Growing older brings with it financial challenges. Apart from the normal ones of simply “making ends meet”, come the practical ones such as: “I’m slowing down, shouldn’t I have someone on my bank account with me?” Or, “what if something happens and I’m not able to handle my own bills?” Many of my clients attempt to “solve” this concern by naming a child on a bank account with them. This is often the eldest child, or the one living closest. It is simple, common, and potentially dangerous.

Whenever clients come in with this type of arrangement, I urge them to remove the child’s name from their bank account. What most people don’t appreciate, is by putting that child’s name on the account with them, they have created joint ownership, not merely a convenient banking arrangement. Let’s say that you have three children. Your eldest, very helpful, lives nearby but is going through a nasty divorce. Your middle child is very successful, but has a poor relationship with the other children, though you are still on reasonably good terms. Your youngest is a “wonderful person” but has had trouble holding a job and has had several financial reversals. Let’s look at some of the risks of putting any of these children on your account with you.
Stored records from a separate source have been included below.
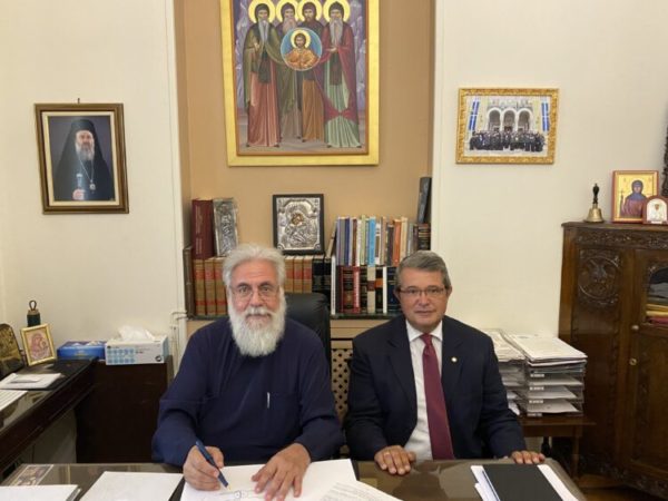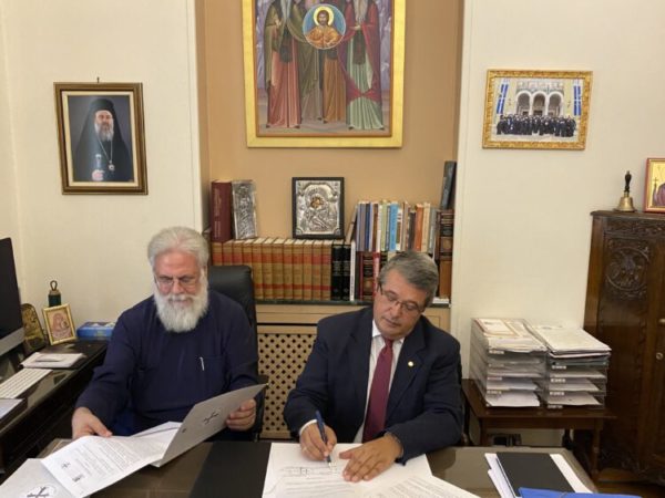 Παρών στην υπογραφή ήταν και ο Αρχιμανδρίτης Θεολόγος Αλεξανδράκης, Διευθυντής του Ι.Π.Ε.
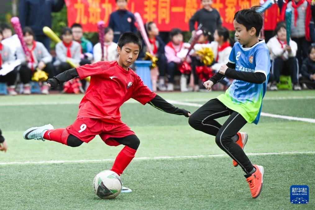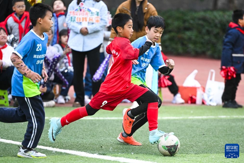 12月2日,湖北省武昌實驗中學沙湖學校學生在四年級組足球聯賽決賽中拼搶。
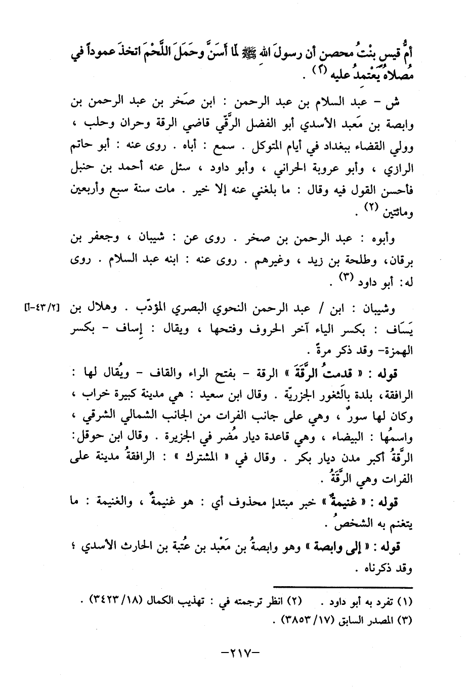 ش- عبد السلام بن عبد الرحمن: ابن صَخر بن عبد الرحمن بن وابصة بن مَعبد الأسدي أبو الفضل الرَّقّي قاضي الرقة وحران وحلب، وولي القضاء ببغداد في أيام المتوكل. سمع: أباه. روى عنه: أبو حاتم الرازي، وأبو عروبة الحراني، وأبو داود، سئل عنه أحمد بن حنبل فأحسن القول فيه وقال: ما بلغني عنه إلا خير. مات سنة سبع وأربعين ومائتين (2) .

Your eldest would be a good choice for executor or for holding a power of attorney. She have proven herself loyal and responsible. The problem is that by naming her on your bank account with you, she actually become a co-owner of your account. All the banks that I’m familiar with in our vicinity do not simply add a child to an account “for convenience”. Instead, the banks’ account contracts create a joint ownership of that account with you so that it belongs equally to them. You may say that your child is very trustworthy and would never take advantage of you. The problem for your eldest would be this would be one of her assets and may become a point of contention in her divorce. The unintended consequence is that you have made that account a joint asset of hers, and while you get along well with your daughter, your soon to be ex-son-in-law and his lawyer should not have an opportunity to see the money in your account as a possible target.

Your middle child has no such financial issues. However, because he has a poor relationship with his siblings, at your death you may be surprised at the outcome. You may have provided in your Will that your estate divides equally between your three children. However, what you may not realize is that your Will does not control the bank account. Instead, the bank account passes in full to your middle child as a joint owner. You may like to believe that he will share it equally and honor your wishes. However, he is under no legal compulsion to do so, and is fully entitled to keep the entire balance for himself. I have had some very unpleasant disputes among family members over the exactly this issue. There are measures that one can take in his or her Will to address this, but they are not nearly as effective as the solution I explained below.

Your youngest is really not a candidate for power of attorney many reasons. Is the responsibility with money would make him a poor choice and he should not have unrestricted access to your bank account. However, if they were named as a joint owner and he went through bankruptcy or was pursued by creditors, or got sued, your bank account would be exposed to his debts and obligations. Again, putting his name on the account is not merely a signing convenience. Instead, it creates a joint ownership and with it go all of the potential liabilities of the joint owner.

The solution is a properly drafted durable general power of attorney. The holder of the power of attorney does not own your account. Instead, you give them legal authority to use your account if you become disabled or no longer able to manage your own finances. All of the conveniences of a cosigner are obtained this way, and that child will be able to use a power of attorney to pay your bills, and your taxes, make arrangements with Social Security and do whatever else on the financial side that is necessary. However, if they go through a divorce, or face financial claims against them, go through bankruptcy, or simply don’t get along with the other family members, it will not affect your finances. Instead, at your death, the account will be controlled by your Will, will be an asset available to the executor to use to pay your bills and expenses, and then will pass to your heirs as you intend. Joint accounts are an example of home-made estate planning where the intentions are good, but the unintended effect can be a disaster.